Did you know that now, more than ever, we are taking less holidays? The prevalence of the ‘all work and no play’ mentality is making us burnt out and in great need of rejuvenation. No wonder travellers are intentionally seeking to include wellness activities into their holiday and business travel.

As stated in a 2014 report by Spafinder, the travel and tourism economy is worth a huge $6.6 trillion, whilst the wellness industry is worth $2 trillion. The extremely profitable intersection of these two industries, Wellness Tourism, is already a $439 billion market and it’s growing fast. Hotels and airports are quickly jumping on this trend by offering wellness initiatives, including yoga programs, that meet the needs of these consumers, beyond the typical spa and gym offered everywhere.
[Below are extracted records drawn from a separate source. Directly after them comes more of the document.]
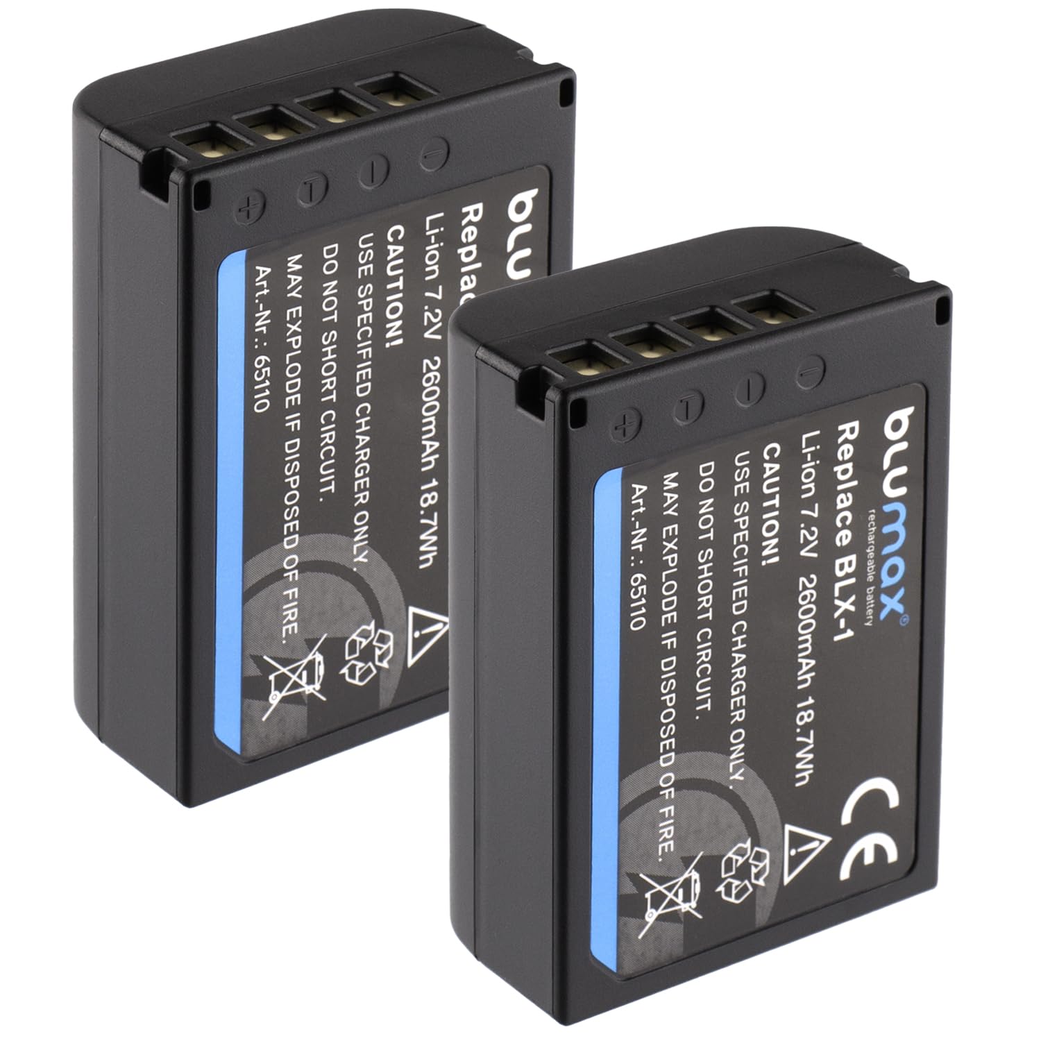 2 x Blumax Battery Compatible with Olympus BLX-1 | 2600 mAh
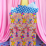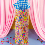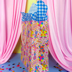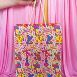 The perfect gift bag for your next birthday party! Features cute, bright illustrations of clowns dancing 'n goofing around on a striped and confetti covered background! Reads "Happy Birthday" and "Hooray!". Woven handles for convenient carrying!
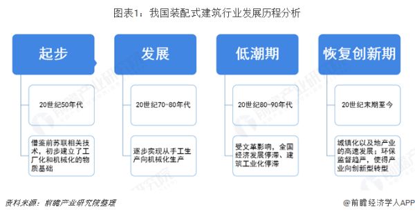 我国装配式建筑行业起步于20世纪50年代,当时借鉴了前苏联的相关技术,建立了初步化的产品生产工厂,也带动了国内机械化水平的提高,到了70年代,行业发展随着机械化水平的提高逐渐摆脱了手工生产而是向机械生产逐步过渡,由于受文 革影响,行业经历了一段停滞期,直到20世纪末才渐渐发展起来,如今国内装配式建筑厂商越来越多,在环保监督趋严的环境下渐渐向产品创新型企业转型,使得装配式建筑进入高速发展及创新期,尤其是2016年以来,国家及地方多次出台指导性、惠普性及鼓励性政策,促进了装配式建筑产业的快速发展。
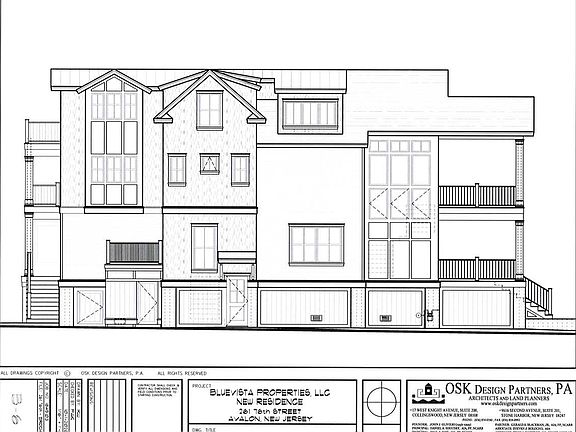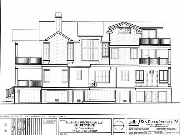 UNDER CONSTRUCTION! CUSTOMIZATION OPTIONS ARE AVAILABLE FOR THE EARLY BUYER! This brand new beautifully appointed, elevator-served home with 6 bedrooms, 5 full baths, 2 half baths and heated pool is located on the south side of one of Avalon's quietest streets. Ideally situated toward the southern end of Avalon, this home offers bay views and very short walks to pristine beaches on one side and beautiful bay-side sunsets on the other. With 4,152 square feet of living space and multiple patios and decks, there are plenty of opportunities to entertain family and friends both indoors and out. The first floor is entered via a gracious 84" wide solid mahogany door and sidelight combination leading to a two-story light-filled foyer. This floor features three bedrooms with en-suite bathrooms, a powder room, a large laundry room served by a direct side entry, a spacious den with fully appointed wet bar, and a covered open air porch with gas fireplace. Entering the second floor, you are immediately struck by the abundant natural light and openness of a grand space interconnecting the living and dining areas, kitchen and partially covered deck. The spectacular kitchen offers upgraded quartz countertops, a Subzero/Wolf appliance package, custom cabinetry, separate pantry and a spacious center island. The balance of the second floor features a beautiful powder room and two generously sized bedrooms with en-suite bathrooms and shared access to a covered deck. The third floor is given over completely to a huge, totally private master bedroom suite complete with a luxuriant marble-laden bathroom, a 2nd washer-dryer pair, and access to a bright southern-facing open deck. Lovely outdoor spaces are highlighted by elegant landscaping, a gracious heated pool, a travertine pool deck with fully equipped wet bar, an outdoor shower and changing area, and a storage cabana. Developed by the distinguished team of BlueVista Properties, OSK Design Partners and Harbaugh Construction.
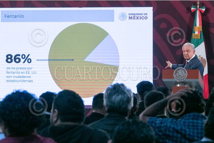 CIUDAD DE MÉXICO, 22JULIO2024.- Andrés Manuel López Obrador, Presidente de México, muestra una gráfica en la que asegura que el 86? los detenidos por posesión de fentanilo son estadounidenses en Estados Unidos, esto ante los dichos de los republicanos que afirman que los migrantes mexicanos son los que llevan esta droga a si territorio. FOTO: MOISÉS PABLO/CUARTOSCURO.COM
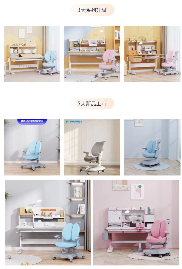 產(chǎn)品競(jìng)爭(zhēng)力,始終是行業(yè)發(fā)展的向上力。愛學(xué)習(xí)2023年專注護(hù)脊學(xué)習(xí)桌椅研發(fā),以更豐富產(chǎn)品線升級(jí)護(hù)脊學(xué)習(xí)桌椅。
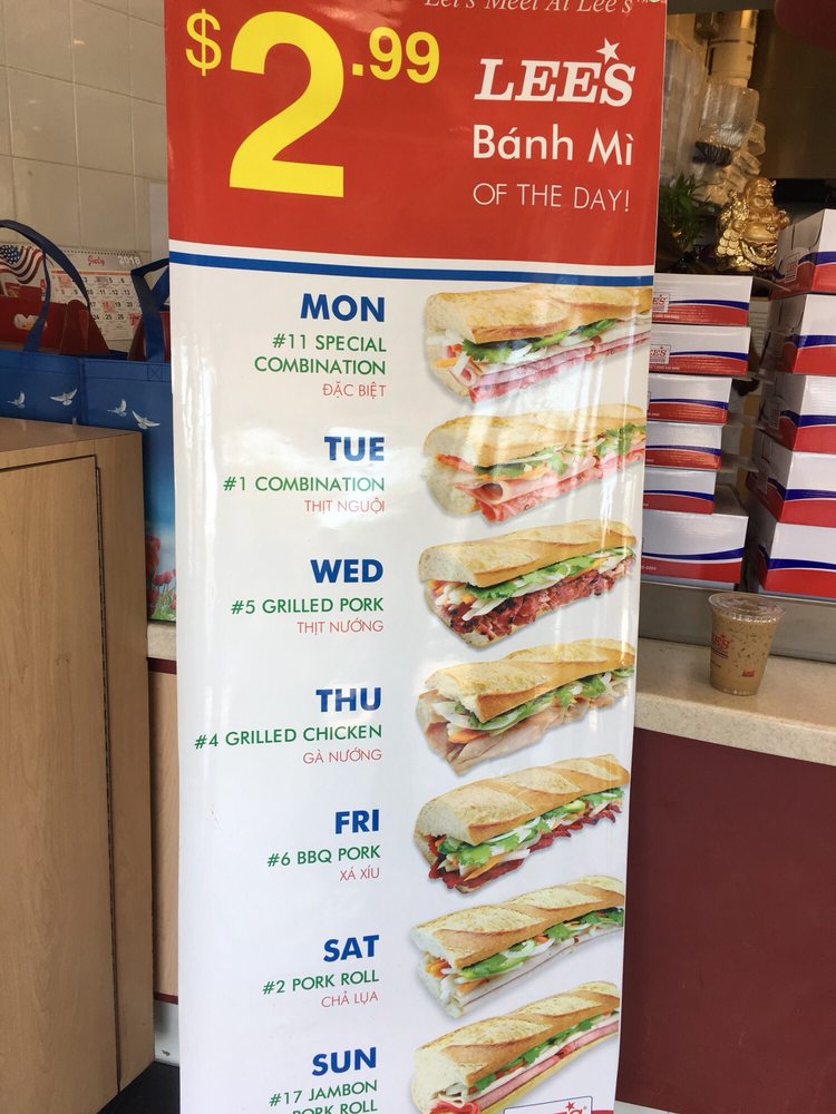 Lee’s Sandwiches is a Vietnamese establishment in Alhambra, CA, known for its delicious Banh Mi sandwiches and strong, sweet coffee. Customers rave about the grilled pork and tofu Banh Mi options, as well as the freshly baked baguettes. The friendly staff and efficient service make for a positive dining experience, with many noting the cleanliness and organization of the store. While some customers prefer ordering online for pickup, others enjoy the drive-thru option for convenience. The menu offers a variety of Vietnamese pastries, breakfast sandwiches, and appetizers like chicken nuggets and egg rolls. With vegan options available, a selection of beverages, and a welcoming atmosphere, Lee’s Sandwiches is a go-to spot for a satisfying meal or snack.

Business travel, in particular, has typically been considered a challenge when it comes to maintaining a healthy lifestyle, yet now, wellness has become less of a luxury and more of a key part of modern day travel. Businessmen and women are turning to yoga as an essential way of managing the effects of their busy travel schedules. Not only does it ward off the aches and pains caused by long hours sat on a plane, but it helps them to deal with the homesickness and melancholy cause by being apart from their family, plus it keeps them centred, enabling them to focus better.

Airport Yoga

More and more airports, all over the world, are recognising the needs of their travellers to blow off some steam whilst they wait for their flight, so they are expanding their offerings from the usual shopping and dining experience to what travellers really need: more rest, relaxation and exercise.

London’s Gatwick Airport recently launched their ‘Floga Lounge;’ a yoga room inspired by San Francisco International Airport’s yoga program. This room is free to use and is the first of it’s kind in a UK airport. It features a 20 minute video by celebrity yoga teacher, Shona Virtue, which is played on loop, meaning that you can drop in at any time.

The video is short and aimed at beginners, so that anyone in need of a stretch and de-stress can join in. The routine targets the digestive and circulatory systems, both of which are negatively affected by long-haul flights, so that travellers can feel much better when they get off the plane. Not only that, but the mindful, breath-focused aspect of yoga calms the mind – perfect for anxious travellers.

But the yoga offerings don’t simply remain on the ground; Qatar Airways have introduced an in-flight yoga program in partnership with wellness advocate, Deepak Chopra, called ‘Fly Healthy, Fly Fit.’ The booklets can be found in every seat back pocket on long haul flights and was developed to keep travellers feeling well throughout the flight. Trend reports suggest that this will be the first of many airlines offering this kind of service – maybe even a full-blown wellness airline?

Hotel Yoga

With wellness tourists spending approximately 130% more than other tourists, hotels are keen to take advantage of travellers seeking out a healthy holiday.

In fact, many hotels are making wellness initiatives a core part of their marketing strategy, by partnering up with well-known yoga teachers and fitness instructors to develop programs and services that target this demographic. Tara Stiles, an American yoga teacher, is famously in partnership with W Hotel, where she has developed an exclusive in-room yoga workout video and holds regular luxury yoga retreats in W hotels all over the world.

They are not the only ones to do so; several hotels have started hosting yoga retreats, amongst other fitness activities, to expand their service offerings. Additionally, they have become extra creative with the kinds of classes they hold: Aqua Yoga with Dolphins, anyone?

rahese wellness programs are effective, because they appeal to those who wish to make the most of their holiday by developing their mind and body. These might be people who wish to continue the wellness routines they have at home whilst they are on holiday, or they might be people who are normally too busy to allow themselves the luxury of self-care on this kind of level. Either way, by the end of their stay, they are refreshed, stress-free and ready to face the world.

Now, what does this mean for yogis?

For a start, your holiday wishlist has probably grown!

But in all seriousness: whilst the idea of large corporations monetizing something beautiful like yoga can feel a little sketchy, particularly on this kind of scale, I truly believe that yoga for the masses is a good thing.

If you regularly practice yoga, you will have experienced the life-changing effects it can have on your body and mind. By making yoga programs widely available to travellers, whether in airports or hotels, it gives busy minds the opportunity to quieten and weary bodies the time to rest. Anything that encourages us to look after ourselves and live in a more balanced, mindful manner is great news to me.